Dyskeratosis congenita is a genetic condition that affects many parts of the body and in particular, the nails, skin and mucosal membranes. The condition is usually inherited in an X-linked recessive manner and therefore affects more men than women.
In around 50% of cases, the condition is known to arise from mutations in the TERT, TERC, DKC1 or TINF2 genes. These genes code for specialized proteins that help to maintain telomeres. Telomeres are regions of repetitive DNA sequences found at either end of a chromosome. They protect the chromosome from deteriorating or fusing with another chromosome and also induce apoptosis (programmed cell death) after a cell has divided a certain number of times and become “worn out.”
Mutations in the genes mentioned disrupt the maintenance of these telomeres, which become shortened. Groups of cells that undergo rapid cell division are particularly vulnerable to the effects of abnormally short telomeres and people with dyskeratosis congenita suffer from a range of problems affecting tissues such as the skin, hair follicles, nail beds, oral mucosa and bone marrow.

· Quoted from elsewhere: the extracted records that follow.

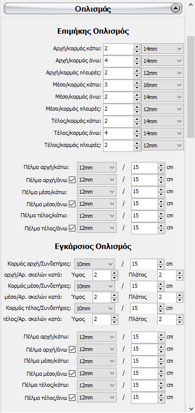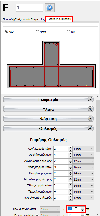 Με την επεξεργασία των διατάξεων οπλισμού το πρόγραμμα αυτομάτως μεταφέρεται στην Προβολή Οπλισμού, όπου προβάλλεται ο οπλισμός της διατομής στην αρχή, στο μέσο και στο τέλος (διαμήκης και εγκάρσιος) και μπορεί να ελεγχθεί η σωστή εισαγωγή του.
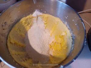 Cream room temperature butter, powdered sugar, light brown sugar, and granulated sugar for about 3 minutes over medium-high speed until light and fluffy. If you are using a standmixer, use a paddle attachment.
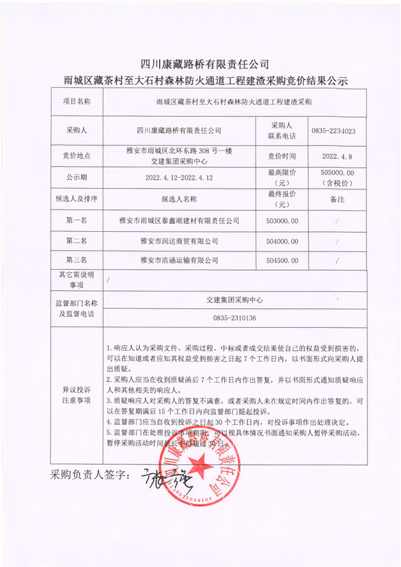 四川康藏路橋有限責(zé)任公司雨城區(qū)藏茶村至大石村森林防火通道工程建渣采購競價結(jié)果公示
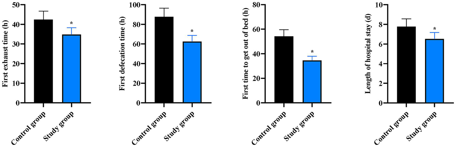Compared to the CG, the SG had significantly shorter times for first flatus (42.45 ± 4.26 h vs. 34.82 ± 3.48 h), first defecation (87.65 ± 8.78 h vs. 62.43 ± 6.25 h), first ambulation (54.23 ± 5.42 h vs. 34.52 ± 3.45 h), and length of hospital stay (7.78 ± 0.78 day vs. 6.52 ± 0.65 day) (p < 0.05, Figure 5).
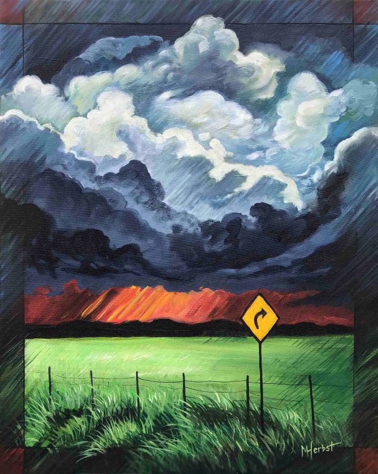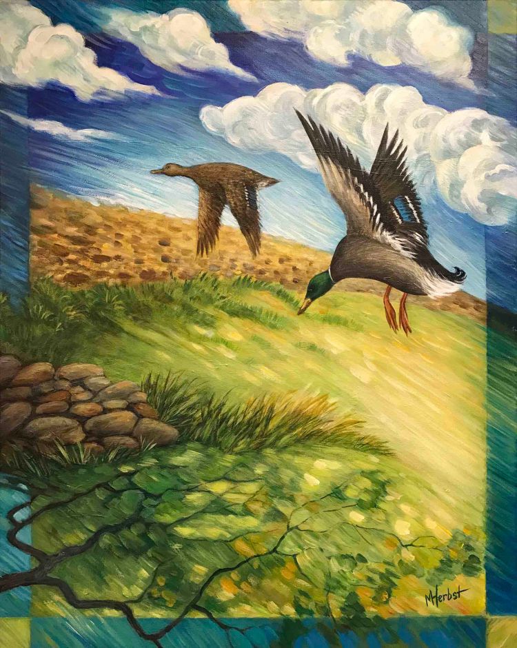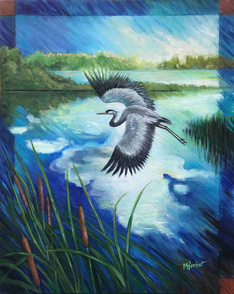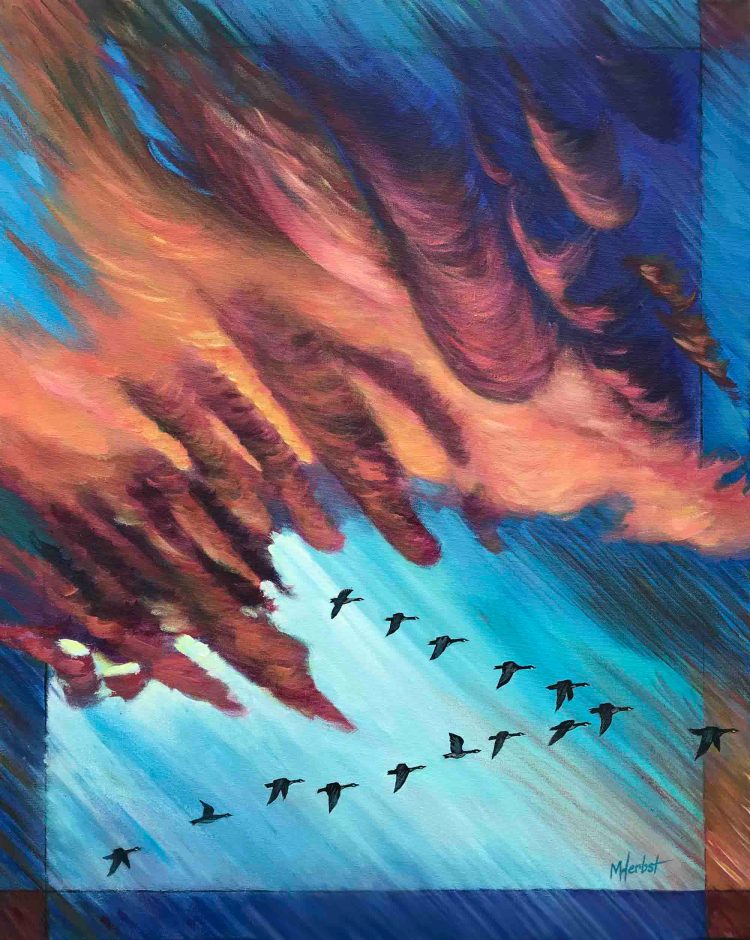 The “Cloud” Paintings were inspired by a series of photographs taken in the Kawartha region. From heavenly “bird-shaped” clouds and the sun rising over an island in Lake Katchewanooka to dark storm clouds on the horizon, their intricate formations fascinate me. A blue heron hunts frogs in the shallow creek that empties into the lake down the road. The still water makes for beautiful cloud reflections. A crow rests on a fencepost, silhouetted against a luminous cloud. The crescent moon over an island is diminished by a huge column of clouds. A pair of mallards fly against the wind, set against billowing clouds, that bring to mind the powerful forces of nature.

In the 50% of sufferers without these gene mutations, the cause of dyskeratosis congenita remains unknown, although researchers suspect that other genes involved in telomere maintenance may be involved.
Common features of dyskeratosis congenita
The three main characteristics of this condition include leukoplakia or whitish discoloration of the mucous membranes; dystrophy or abnormality of the nails and skin pigmentation.
A reticulated or patchy pattern to the pigmentation is seen in nearly 90% of sufferers. Sun exposed areas are more commonly affected, such as the upper trunk, face and neck. Nail changes are also seen in 90% of cases, with fingernails more commonly affected than toe nails. The nails become thin and distorted. In around 80% of patients, the inner lining of the cheeks, mouth, tongue and throat develop a whitish discolouration.
People with dyskeratosis congenita are prone to disorders that affect the bone marrow. These dangerous conditions cause bone marrow failure and death in nearly 70% of cases. The chromosomal instability that arises due to poor telomere maintenance can also lead to uncontrolled cell division, which raises the risk of cancer.